Anybody ever been in March? 

My wife keeps talking about going somewhere in March and I want to fish. How is it out there that time of the year? 

Any opinions on who to fish with? I don't need first class but if I am going to sell the wife on this, it needs to be nice.


----------



## 60hertz (Oct 1, 2007)

Chandeleur guide fishing. Stay on the Pelican.

Fishing. Birding. And awesome stargazing at night.


----------



## 60hertz (Oct 1, 2007)

http://chandeleurguidefishing.com


----------



## Walton County (Aug 23, 2016)

Thanks! I am going to give them a call and get some info.

I am having a tough time getting much info for March. Best I can tell, it is a bit early, but the bite is good to decent.


----------



## 60hertz (Oct 1, 2007)

We went several times before the oil spill. Haven’t been back since. BP rebuilt the islands and I hear it’s better than ever.
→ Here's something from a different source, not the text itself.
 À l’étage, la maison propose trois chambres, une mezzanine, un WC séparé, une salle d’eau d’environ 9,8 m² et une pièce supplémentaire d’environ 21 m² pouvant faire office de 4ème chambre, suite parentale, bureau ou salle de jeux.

We would go on the Saturday before Fat Tuesday and come back on Fat Tuesday. Always limited out on the first day. So the other days were spent exploring and doing a lot of catch and release.


----------



## Walton County (Aug 23, 2016)

60hertz said:


> We went several times before the oil spill. Haven’t been back since. BP rebuilt the islands and I hear it’s better than ever.
> 
> We would go on the Saturday before Fat Tuesday and come back on Fat Tuesday. Always limited out on the first day. So the other days were spent exploring and doing a lot of catch and release.


That is great to hear. One last question, in a lot of my searching, I keep finding boat minimum's. Meaning, they wont operate with at least 6-8 people. I got a whopping two......any idea of any places that will either operate with 2, or do a open booking type deal? 
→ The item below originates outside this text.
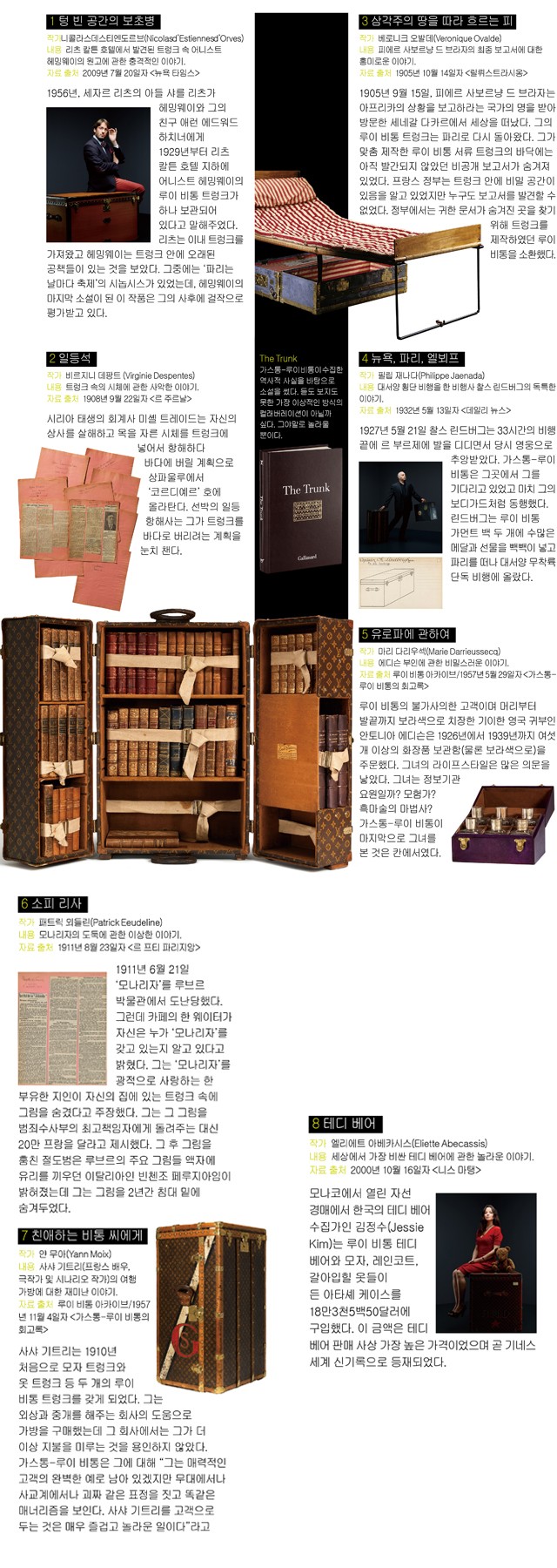 특별한 사물을 보고 이야기를 떠올린다. 셜록 홈스의 세심함으로 사물을 살핀다. 이야기의 방향은 정해졌고, 일사천리로 소설은 마무리된다. 프랑스를 대표하는 11명의 작가들이 루이 비통의 트렁크를 보고 떠올린 이야기들이 란 이름으로 출간된다. 총 11명의 작가가 함께한 아주 특별한 작업은 오늘날 파리의 상징적인 건축물로 평가받고 있는 루브르의 피라미드가 하마터면 완성되지 못할 뻔했던 일화에서부터 리츠 칼튼 호텔에서 발견된 루이 비통 트렁크 속의 어니스트 헤밍웨이의 원고 이야기, 기네스 세계 신기록으로 등재된 세상에서 가장 비싼 18만3천5백50달러 루이 비통 테디 베어 관련 에피소드(현재 제주 테디 베어 박물관 소장) 등 루이 비통 트렁크에 얽힌 11개의 이야기를 담아냈다. 이 작업이 가능했던 건 아니에르에 자리한 루이 비통 가문 저택에 차곡차곡 쌓여 있던 트렁크, 여행에 대한 특별한 이야기 덕분이다. 1900년대 초반, 트렁크 제작자로 유명했던 루이 비통의 명성을 잇는 손자이자 열정적인 수집가였던 가스통-루이 비통이 꼼꼼히 모은 자료들은 세기가 바뀐 지금, 각기 다른 개성 넘치는 11개의 소설로 다시금 태어났다. 그중에서도 어니스트 헤밍웨이와 관련된 소설은 유독 내 관심을 집중시킨다. 확실한 영감의 근원은 훌륭한 결과물을 낳는다. 아직 읽어보진 못했지만, 에디터가 이렇게 확신에 차 주장하는 이유다.

......I need to get off here and start making phone calls. :shifty:


----------



## lsucole (May 7, 2009)

The biggest issue will be the wind, March is usually terrible for wind. If you can, mid-April thru May is awesome in the Chandeleurs !!


----------



## chasingtails (Jul 11, 2013)

Go to Venice, lots of options and the wife will be happy


----------



## lsucole (May 7, 2009)

I would definitely pick Venice over the Chandeleurs Islands in March !


----------



## hjorgan (Sep 30, 2007)

60hertz said:


> Chandeleur guide fishing. Stay on the Pelican.
> 
> Fishing. Birding. And awesome stargazing at night.


x2 great guys and a fun trip. Last 2 trips we took in April the wind was gale strength. Made for cold tough fishing, but we still caught a few reds. Trout were hard to come by.


----------



## Walton County (Aug 23, 2016)

I didnt even think about the weather. Ironically enough, last year I went to Venice in March and it took almost 4 weeks to get a weather window. I think our original trip was scheduled for 2/10 and we went first or second week of march....

Maybe the wife and I just need to try somewhere else.


----------